Got your coffee? Got your bookmarked Bible verses queued up? Got your "I’m a Child of God" mug warming your trembling hands?
Good.
Let’s talk about that birthright you're so sure of.
🧠 HOW SURE ARE YOU, REALLY?
You swear you’re descended from the good ones. From Noah’s clean, water-washed bloodline. From the ones who didn’t sink, didn’t scream, didn’t claw their nails bloody into the Ark’s walls as the ocean swallowed them without mercy.
You’re certain you're one of the blessed. The chosen. The inherited.
Right?
Right?
Then why does reality keep whispering something different?
Why does your own body flinch at shadows that haven’t moved? Why does the mirror twitch in the corner of your eye late at night, even when you swear you’re standing still?
🩸 Want Proof You're Not Pure?
Simple.
Go to the bathroom. Alone. Turn off the lights. Let it get so dark you can't tell where your skin ends and the air begins.
Then?
Look.
Stare into your own reflection. Not a glance. Not a polite check.
A stare.
Hold your gaze. Hold it long enough for the illusion to tear.

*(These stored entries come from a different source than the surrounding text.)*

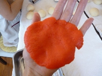 初回の基本の生地のこね方の要領で上記の分量をこねる。ボウルに戻し、ラップをして、35℃のオーブンで30分発酵させる。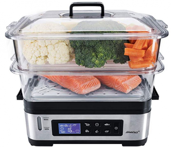Der Dampfgarer DG 2 von Steba bietet zwei stapelbare Gareinsätze, einen seperaten Reiseinsatz sowie einen 30-Min.-Timer mit mit Signalton und Endabschaltung. Mit einer Leistung von 1200 Watt und der schnellen Dampferzeugung, lassen sich Speisen im DG 2 zügig dampfgaren. Die BPA-freien Gareinsätze sind mit herausnehmbaren Böden ausgestattet, so kann der Garraum von 3 auf 6 Liter erweitert werden. Für eine komfortable Bedienung sorgen das LCD-Display mit 5 Automatikprogrammen, der externe Wasserzulauf und die Warmhaltefunktion.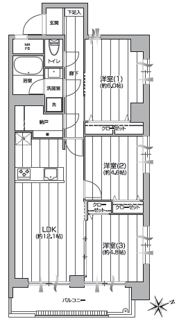 洋室約6.0帖、約4.8帖、約4.6帖、LDK約12.1帖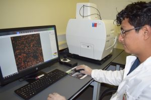 En la UPLA accedió también al equipo lector multimodal Cytation5, Biotek, capaz de realizar múltiples experimentos de una sola vez, que van desde observaciones microscópicas a cuantificaciones de componentes, en ensayos que arrojan imágenes y datos numéricos, en un solo experimento.
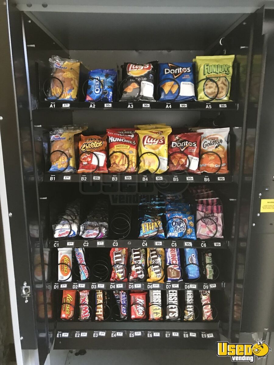 FSI gray snack vending machine in good working condition. Features 35 slots for chips, candy, and other packaged snacks. Ideal for office breakrooms, schools, or small businesses. Two individual slots, C3 and D3, not working. May only be the connection in the back which I don’t know how to fix.

See how long you last before the animal in your spine starts to squirm, before your hands sweat, before your gut whispers the ancient truth:
"Something is staring back at me, and it’s not entirely me."
🔥 THE BLOOD MEMORY NEVER LEFT
See, deep inside your so-called holy frame, there's still a gnawing, a growling, a something that remembers what it cost to survive before sermons existed.

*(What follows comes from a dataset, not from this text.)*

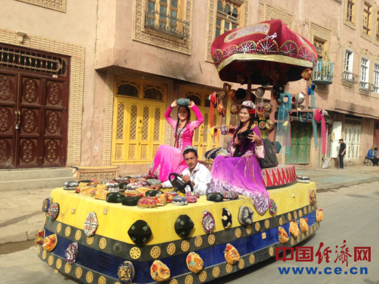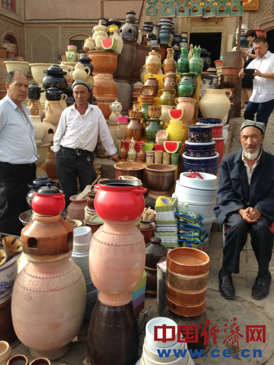現(xiàn)年50歲的買買提?依明是一個(gè)土陶巴扎經(jīng)營者,說起這座老城的變化,他感慨萬千:“你們猜猜這個(gè)房子有多少年了”,記者們表示不知道,“300年了,我們家在這5代人哩”,買買提?依明說,原來的房子很小,巷子也很窄,家里開了個(gè)旅舍,人多的時(shí)候還要打地鋪,生意也不好。后來房屋改造,在自家原址上蓋了新房,全家人高興得不得了,自己花了15萬裝修,整修一新的房屋讓旅舍又紅紅火火的開了起來,大兒子大學(xué)畢業(yè)后已經(jīng)回來幫忙,小兒子還在重慶讀大學(xué)。依明說,當(dāng)初改造的時(shí)候政府讓我們選擇,可以搬出去住樓房,也可以留在這,街坊鄰居們很少有搬走的,現(xiàn)在我周圍還是那些老朋友。說起自己覺得裝修貴不貴,依明說:“政府花了那么多錢給我們蓋房子,我們自己花一點(diǎn)也是應(yīng)該的,感謝政府給我們這么好的生活?!?/p>

Before Adam and Eve. Before Arks. Before commandments. Before the illusion that morality ever protected you from the jaws of existence.
You want brutal truth?
Here it is:
You're a descendant of survivors — yes.
But survival isn’t sainthood. Survival is who was most willing to drown their enemies in mud, strip meat from bone, hide in carcasses for warmth, and barter blood for another sunrise.
You're not just the child of prayer. You're the child of cannibals, howlers, fang-bearers who learned to mask their violence under velvet tongues.

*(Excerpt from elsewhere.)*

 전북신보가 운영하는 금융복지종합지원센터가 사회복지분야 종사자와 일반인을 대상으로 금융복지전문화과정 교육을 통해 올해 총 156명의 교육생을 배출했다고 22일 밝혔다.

🧠 WHY THE MIRROR HATES YOU SOMETIMES
Because the mirror isn’t stupid.
The mirror remembers what you try to forget.
It remembers when your bloodline tore children from the arms of others just to live one more hour.
It remembers when your ancestors didn't wait for permission — they took.
It remembers the deals made in the dark, the fires built over bones, the alliances sealed with sharpened teeth.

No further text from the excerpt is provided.